Whereas the Marxists never found out "how working class consciousness is possible", many claim that NGO's activating civil society have rediscovered the secret of solidarity. That is citizens organization's can foster mechanisms for social transformation and reintegration; where economic, social and civic entrepreneurs compete and co-operate to inform and bring services to excluded groups. Renewing social cohesion that increases criticality while also fostering trust and civility is crucial in the coming fundamentalist legitimated corporate regime of the Bush administration.
This social glue has been called "social capital" by Robert Putnam. Social Capital creates mutually respectful, trusting relationships among citizens and work forces and facilitates active dialogue and optimal sharing of relevant information.

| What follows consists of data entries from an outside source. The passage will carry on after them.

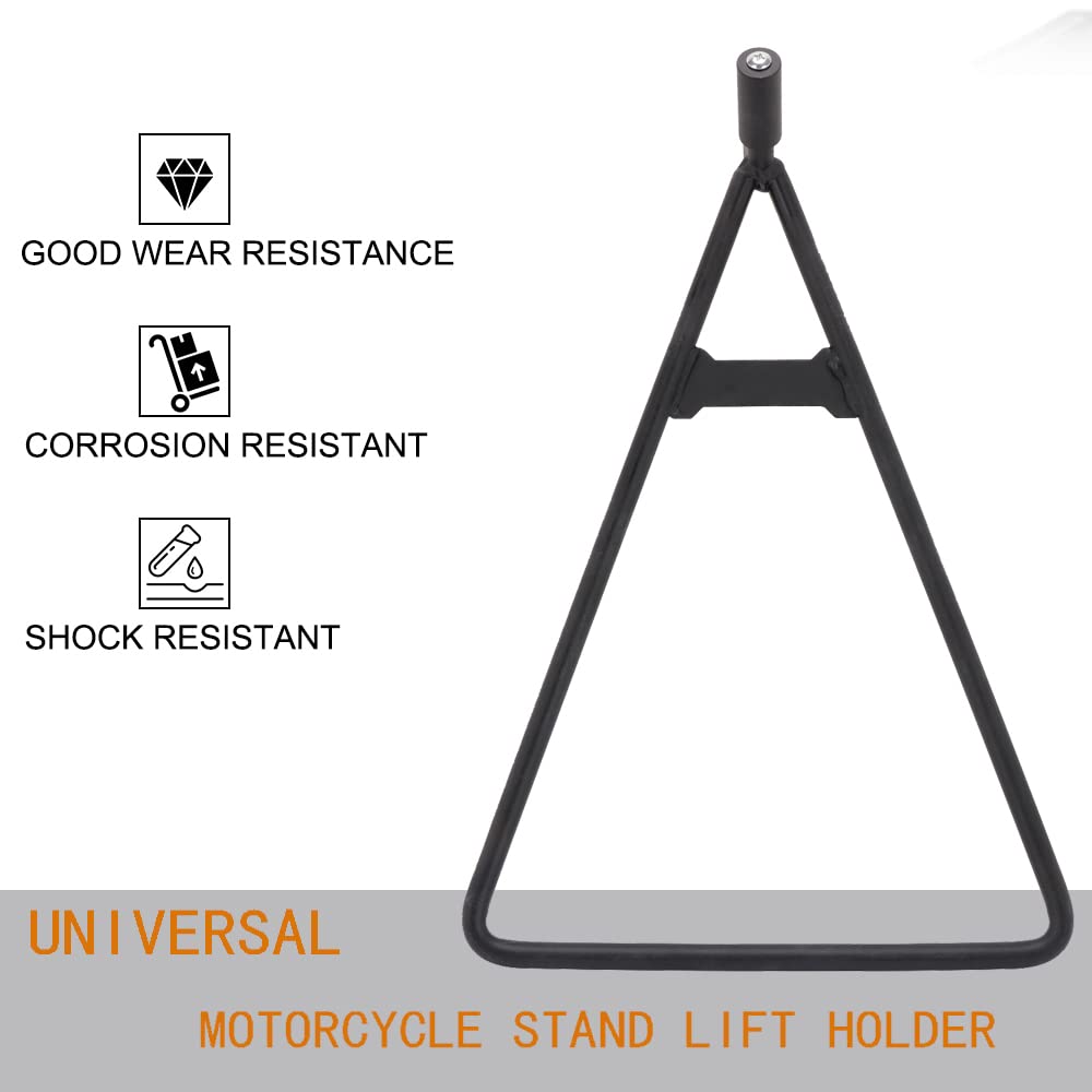 Features: 100% Brand New, Never Mounted, High Quality The triangle stand is universally designed to fit in the axle of just about any bike on the market today Our triangle stand is durable and will hold up your motorcycle or bike on sand, dirt or flat surface. High-quality cost effective replacement for OEM parts. Direct replacement to your original unit. Pic shown is of exact item you will receive Easy To Install Specification: Color: Black As Pictures Fitment: Fit all motorcycle with rear axles of inner diameters 18 mm,14.5 mm, and 11 mm.SuperMoto bikes with 17 '' wheels Package Includes: 1* Triangle Stand as picture Installation Instruction NOT Included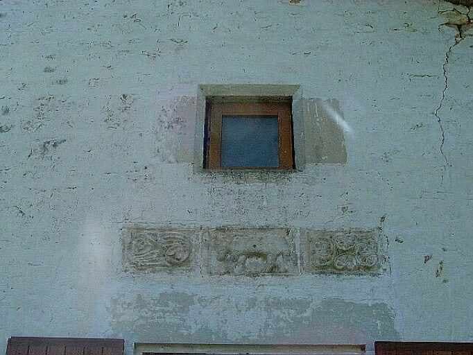 Logis, élévation antérieure, détail de la baie chanfreinée de droite du comble à surcroît à encadrement chanfreiné et du décor sculpté au-dessous.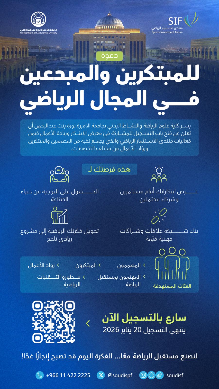 تدعو كلية علوم الرياضة والنشاط البدني بجامعة الأميرة نورة بنت عبد الرحمن المبتكرين والمبدعين في المجال الرياضي للمشاركة في معرض الابتكار وريادة الأعمال ضمن فعاليات منتدى الاستثمار الرياضي، الذي يجمع نخبة من المصممين ورواد الأعمال والخبراء من مختلف التخصصات.

The important point is that this form of socio-cultural reintegration is essential for reversing the political arrangements to create what has been called "Cosmopolitan Localism". That is, wherever citizens are aware that communities can invest, contract, zone, tax, lobby and thus learn how bottom up politics can influence the national polity initiatives- they can make a difference.
Can we help extend this social capital formation essential for Cosmopolitan Localism to wider and wider networks in the context of the "compassionate conservatism"? Relevant in this context is
Jenn Crawford's description of the activities of the Integrative Strategies Forum as interacting with several NGO initiatives, such as: the Washington Community Indicators Project, U.S. Citizens for Sustainable Development (CITNET; website - www.citnet.org) and its nine regional groups that try to link local sectors to the national movements. Related activities include diffusion of information about global warming, energy, community report cards, local agenda 21 implementations, etc. All these integrative strategies are oriented to preparing for the 20001 CSD #9 in April.
As a voluntary organization TOES has walked our talk in that we like each other and have a track record of pulling together what is needed, when it is needed. In the dominant world of individualistic competition these are real indicators of sustainability.
How can we become more effective in co-operating with the groups mentioned above and many others too? How can TOES/US create a wider public diffusion of TOES discourse and support for alternatives?